Complete sequences of cDNA clones CC6 (WC1-6), CC7 (WC1-7), CC12 (WC1-12), CCnd1 (WC1-nd1) and CCnd2 (WC1-nd2) , continued . Deduced amino acids sequence from the coding sequences of WC1-1, WC1-2, WC1-8, and WC1-13, and the archetypal WC1 sequence (WC1.1) were aligned using ClustalW2 and the default parameters and refined manually. GenBank accession numbers for amino acid sequences used for comparison are described in Materials and Methods. Identities are indicated by dots (.), gaps resulting from the alignment are indicated by tildes (~), gaps resulting from lack of genomic sequence (when the gaps were found adjacent and not within a coding region) are indicated by dashes (-). SRCR domains are indicated in Roman numerals and the transmembrane region is shown underlined for archetypal WC1 sequence.

The results also confirmed and extended our previous observations that most WC1 transcripts display alternative splicing of coding exons given that domain 1 sequence of all 13 WC1 genes could be amplified from the smaller (as well as the larger) bands [3].

Complete coding sequences for the annotated WC1-6, WC1-7 and WC1-12genes

To confirm complete sequences for transcripts (i.e. cDNA clones) representing the complete coding sequences of WC1-6, WC1-7 and WC1-12, the template material described in the previous section was used.
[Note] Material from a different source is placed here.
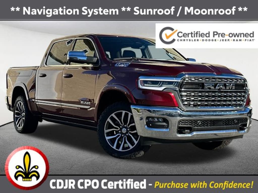 Recent Arrival! Navigation System, Sunroof / Moonroof, Blind Spot Monitor, Lane Keeping Assistance, Apple CarPlay / Android Auto, Adaptive Cruise Control, Power Leather Seats, Cross Traffic Alert, Heated Seats, Backup Camera, Bluetooth, Remote Engine Start, Cruise Control, Power Windows, Power Locks, Steering Wheels Radio Controls, Aluminum Wheels, Running Boards / Side Steps, Towing Package, GPS Navigation, Navigation System, Quick Order Package 22M Limited. Delmonico Red Pearlcoat 2025 Ram 1500 Limited 4D Crew Cab Limited 4WD 8-Speed Automatic

Forward primers specific for domain 1’s of WC1-6, WC1-7 and WC1-12 (Figure 1) were combined with the common reverse primer in the intracytoplasmic tail (Figure 4) [3] and used to successfully amplify the material extracted from the 4.4 kb band described above. The PCR products were sequenced and the deduced amino acid sequences were aligned with the archetypal WC1.1 sequence (now known as WC1-3) (Figure 5 and Figure 6). The percent identities were calculated based on those alignments (Table 3) and showed that indeed these represent the complete coding sequence for WC1-6, WC1-7 and WC1-12.

Table 3 cDNA evidence for transcription of WC1-6 , WC1-7 , WC1-12 , WC1-nd1 and WC1-nd2 a

WC1-nd2 is WC1-8

Using the templates generated above and the forward primer specific for WC1-nd2 domain 1 sequence (Figure 1), coding sequence for WC1-nd2 was obtained from the 4.4 kb amplified material. This sequence was compared to the partially annotated WC1-8 sequence and found to be identical. Thus, despite the fact that domain 1 and 2 sequence for WC1-8 was unavailable due to gaps in the genome (Table 2, [3]) we have re-classified WC1-nd2 as WC1-8 and henceforth will refer to it as such.

WC1-nd1 is WC1-2

Using the templates generated above and the forward primer specific for WC1-nd1 domain 1 sequence (Figure 1), coding sequence for WC1-nd1 was obtained from the 4.4 kb amplified material and compared to partially annotated WC1 genes. We found that it corresponded to WC1-2’s domain 11 (d’ pattern), transmembrane and intracytoplasmic tail sequences with 97% similarity (Figure 7). However the annotated WC1-2 domain 7 and 8 had 99% similarity with WC1-1 while domains 9 and 10 were 99% identical to WC1-13. This suggested that the gene previously referred to as WC1-2 was a concatemer of mis-assembled genes (Figure 7). To probe for the existence of WC1-2 sequence as annotated, we attempted to amplify WC1-2 transcripts by designing three sets of primer pairs that spanned D7 to D9, D7 to the intracytoplasmic tail, and D9 to the intracytoplasmic tail based on sequence of the annotated WC1-2 sequence [3]. The primers were shown to be functional by pairing with other known primers but they could not amplify across the regions that corresponded to different WC1 gene sequences (data not shown). Since WC1+ γδ T cell subsets respond to different activation stimuli [9, 37], PCR reactions were performed with pooled cDNA from ex vivo, ConA-activated and Leptospira-activated PBMC in order to maximize the number of WC1 transcripts available. Since cDNA evidence corresponding to WC1-2 as assembled and annotated was not found it confirmed our hypothesis that the annotated WC1-2 was derived from an assembly anomaly. We suggest that WC1-nd1 should be instead classified as WC1-2 based on the evidence that one extracellular domain as well as the transmembrane and intracytoplasmic tail sequences corresponded to the annotated WC1-2 sequence and our evidence that only thirteen WC1 genes exist.

Figure 7
figure 7

Structure of the mis-assembled WC1-2. Schematic representation of WC1-2 with the eleven exons annotation as in a previous study (not shown to scale, [3]). The gap adjacent to the coding region of WC1-2 in the Btau 3.1 assembly is indicated by double slashes (//). Abbreviations are as follows: D, SRCR domain; ID, inter-domain sequence; TM, transmembrane region; T, intracytoplasmic tail exon numbers.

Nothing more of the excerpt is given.